Extra Spark Configuration

When you create a pipeline, you can define extra Spark configuration properties that determine how the pipeline runs on Spark. Transformer passes the configuration properties to Spark when it launches the Spark application.

You can add any additional Spark configuration property, as described in the Spark configuration documentation.

You can also add the following extra configuration property provided by Transformer. This is not a Spark configuration property:
Configuration Property Description
spark.home Overrides the SPARK_HOME environment variable set on the machine.

For example, let's say that multiple Spark versions are installed locally on the Transformer machine. You can add the spark.home configuration property to run the pipeline on the Spark version that is not set in the environment variable.
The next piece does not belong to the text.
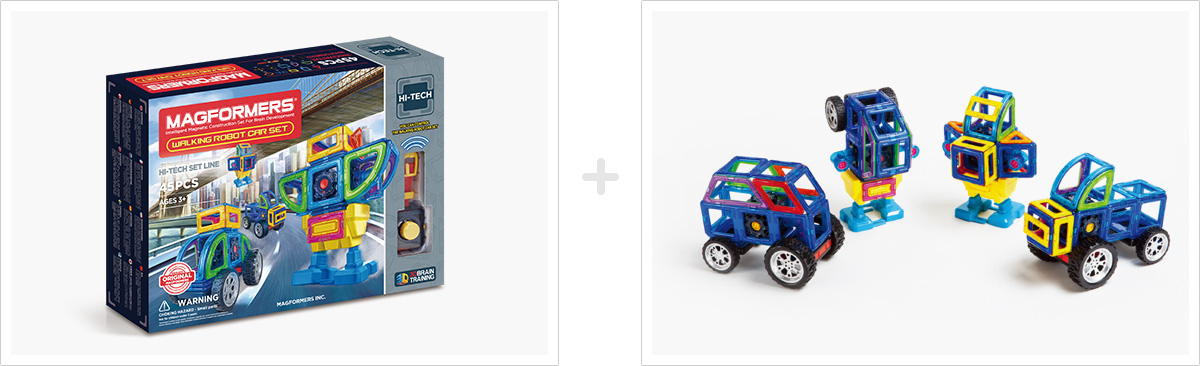맥포머스 워킹 로봇카 세트(Magformers Walking Robot Car Set)는 여러 가지 자석피스를 활용하여 아이들이 좋아하는 자동차와 로봇을 모두 만들어 볼 수 있는 세트입니다. 또한 가이드북에 나와 있는 순서대로 완성된 자동차를 로봇으로 변신시켜 보며 재미있는 조형활동을 해볼 수 있으며, 엔진워치를 가지고 자동차와 로봇을 조종해 볼 수도 있습니다. 다양한 액세서리와 자석피스를 가지고 나만의 자동차를 만들어 로봇으로 변신시켜 보세요. 나만의 조형물을 조종하는 재미와 함게 창의력도 자라납니다.

Performance Tuning Properties

By default, Transformer adds several Spark configuration properties to each pipeline with suggested values. These properties override the default Spark values in the cluster.

The defaults for these properties should work in most cases. If you are an advanced user, you can tune the performance of a specific pipeline by modifying these properties or by adding additional Spark configuration properties.

For more information about these configuration properties, see the Spark Configuration documentation.

Transformer adds the following Spark configuration properties to each pipeline:

Spark Configuration Property Description
spark.driver.memory Maximum amount of memory that the Spark driver uses to run the pipeline.
spark.driver.cores Number of cores that the Spark driver uses to run the pipeline.
spark.executor.memory Maximum amount of memory that each Spark executor uses to run the pipeline.
spark.executor.cores Number of cores that each Spark executor uses to run the pipeline.

Databricks and Dataproc do not allow overrides of this configuration property. This property is ignored when running the pipeline on a Databricks or Dataproc cluster.

spark.dynamicAllocation.enabled Enables dynamic resource allocation. Spark uses as many executors as required to run the pipeline.
Note: Local pipelines always run on one Spark executor.
spark.shuffle.service.enabled Enables the external shuffle service.

Must be true when dynamic allocation is enabled.

spark.dynamicAllocation.minExecutors Minimum number of Spark executors that the pipeline runs on when dynamic allocation is enabled.
spark.dynamicAllocation.maxExecutors Maximum number of Spark executors that the pipeline runs on when dynamic allocation is enabled.
The maximum number of Spark executors allowed for each pipeline is determined by your StreamSets account. You can decrease this number to limit executor usage in the cluster, but you cannot increase the number.
Note: When dynamic allocation is disabled, then the spark.executor.instances configuration property determines the number of Spark executors used for the pipeline. The maximum value of the spark.executor.instances property is also determined by your StreamSets account.